### [What you should do]
Set the data below down again, exactly, with every picture left out.

-- Dataset excerpt follows --

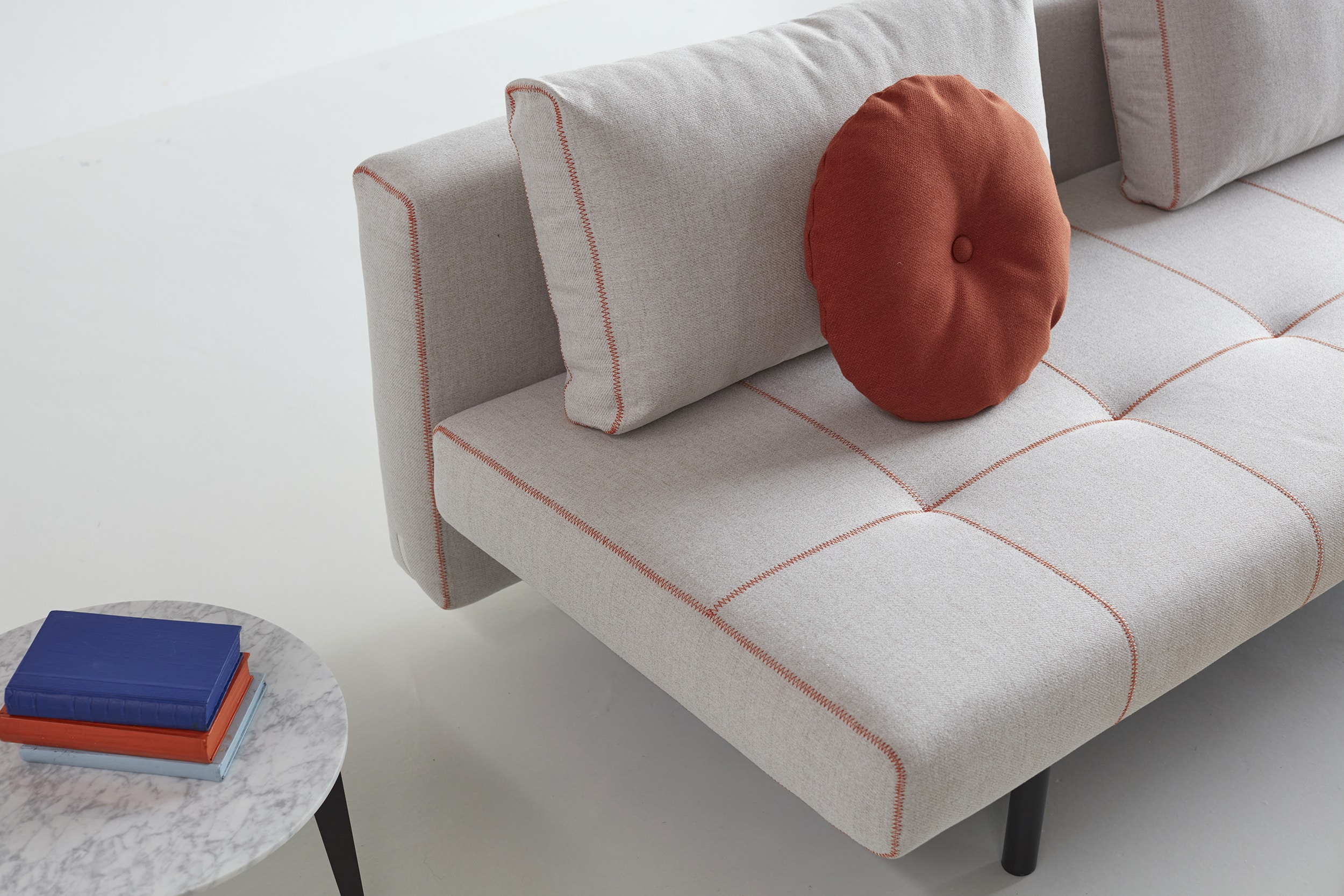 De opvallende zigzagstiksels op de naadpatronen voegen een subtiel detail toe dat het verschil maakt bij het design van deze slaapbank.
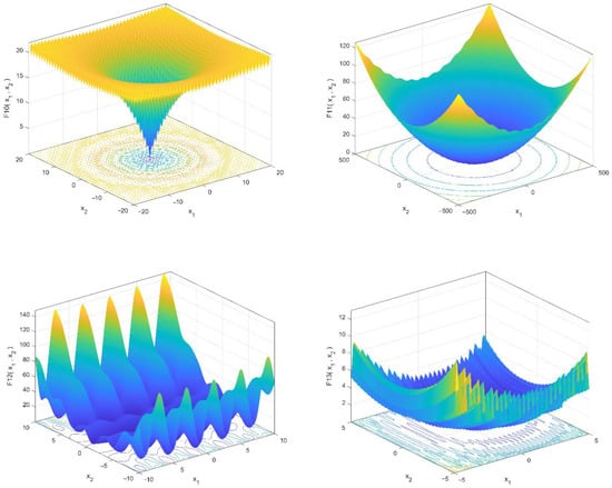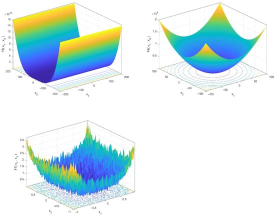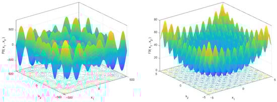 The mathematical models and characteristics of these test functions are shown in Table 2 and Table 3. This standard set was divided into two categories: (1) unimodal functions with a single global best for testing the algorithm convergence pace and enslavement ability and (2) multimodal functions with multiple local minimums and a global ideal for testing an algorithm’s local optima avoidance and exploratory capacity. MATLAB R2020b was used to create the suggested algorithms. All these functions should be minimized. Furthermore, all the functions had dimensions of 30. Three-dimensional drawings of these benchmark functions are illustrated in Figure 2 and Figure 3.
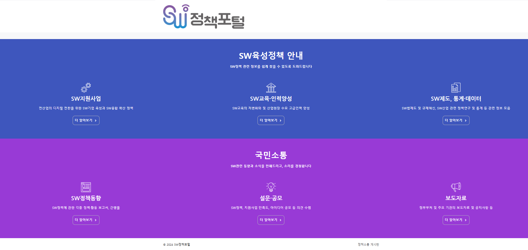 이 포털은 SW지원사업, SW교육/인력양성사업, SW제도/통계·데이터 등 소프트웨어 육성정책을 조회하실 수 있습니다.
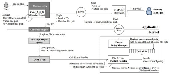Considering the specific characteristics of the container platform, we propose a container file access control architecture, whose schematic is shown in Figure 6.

-- Dataset excerpt concluded --

### [Answer to this problem]
 De opvallende zigzagstiksels op de naadpatronen voegen een subtiel detail toe dat het verschil maakt bij het design van deze slaapbank.
 The mathematical models and characteristics of these test functions are shown in Table 2 and Table 3. This standard set was divided into two categories: (1) unimodal functions with a single global best for testing the algorithm convergence pace and enslavement ability and (2) multimodal functions with multiple local minimums and a global ideal for testing an algorithm’s local optima avoidance and exploratory capacity. MATLAB R2020b was used to create the suggested algorithms. All these functions should be minimized. Furthermore, all the functions had dimensions of 30. Three-dimensional drawings of these benchmark functions are illustrated in Figure 2 and Figure 3.
 이 포털은 SW지원사업, SW교육/인력양성사업, SW제도/통계·데이터 등 소프트웨어 육성정책을 조회하실 수 있습니다.
Considering the specific characteristics of the container platform, we propose a container file access control architecture, whose schematic is shown in Figure 6.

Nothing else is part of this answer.